U.S. panel backs fewer limits on diabetes drug


Independent experts urged U.S. federal regulators Thursday to reduce restrictions on Glaxo- SmithKline’s controversial diabetes drug Avandia, which has been banned in Europe over concerns of increased risk of heart attacks.

Thirteen members of the 26-member independent advisory panel convened by the Food and Drug Administration said strict U.S. restrictions imposed in 2010 should be eased.

Seven experts voted to lift them entirely, and five to keep them.

Only one said Avandia should be taken off the market.

The panel voted at the end of two days of meetings on a new review of the GSK trial called RECORD, which confirmed the company’s initial finding that Avandia does not raise cardiac risk more than other diabetes drugs.

The British pharmaceutical giant GSK recently paid researchers at Duke University in North Carolina to carry out the new analysis of the data.

The FDA is under no obligation to follow the recommendations of expert panels, though it usually does.

Once a blockbuster drug for patients with type 2 diabetes, Avandia was approved in 1999 and soared to sales of $3 billion per year, but its use has declined dramatically in recent years.

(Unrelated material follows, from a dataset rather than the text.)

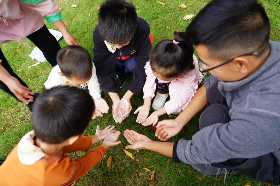 孩子们拿着放大镜蹲在地上研究果实纹理,追着老师问“为什么”,捧着自己收集的宝贝如数家珍……那个专注劲儿,连爸妈都被感染了!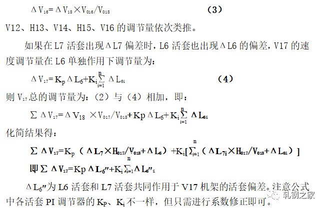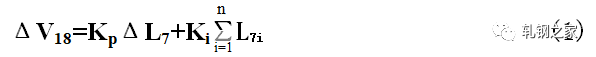 當活套一旦形成以后,活套的實際高度立即由活套掃描器測得的值經(jīng)過PI調(diào)節(jié)器,輸出一個控制信號,通過控制上游軋機,使活套大小得到調(diào)節(jié),使活套保持在設定的高度范圍。速度調(diào)節(jié)量是按逆流調(diào)速的方法,按同樣比例對軋機的工作速度進行級聯(lián)調(diào)節(jié)。假如活套L7出現(xiàn)高度差為ΔL7,則V18機架的速度調(diào)節(jié)是:

Other research has pointed to a rise in heart attacks and strokes among patients using Avandia to control their blood sugar, and critics have alleged flaws in the RECORD trial, which showed it was relatively safe.

The Avandia controversy erupted after a 2007 study in the New England Journal of Medicine found that it raised the risk of heart attack by 43 percent.

The lead author of that study, Steven Nissen of the Cleveland Clinic, has been outspoken against Avandia and told The Wall Street Journal this week that RECORD was “not conducted in a scientifically acceptable manner.”

He also said that the FDA denied his request to be part of the committee of experts reviewing the data.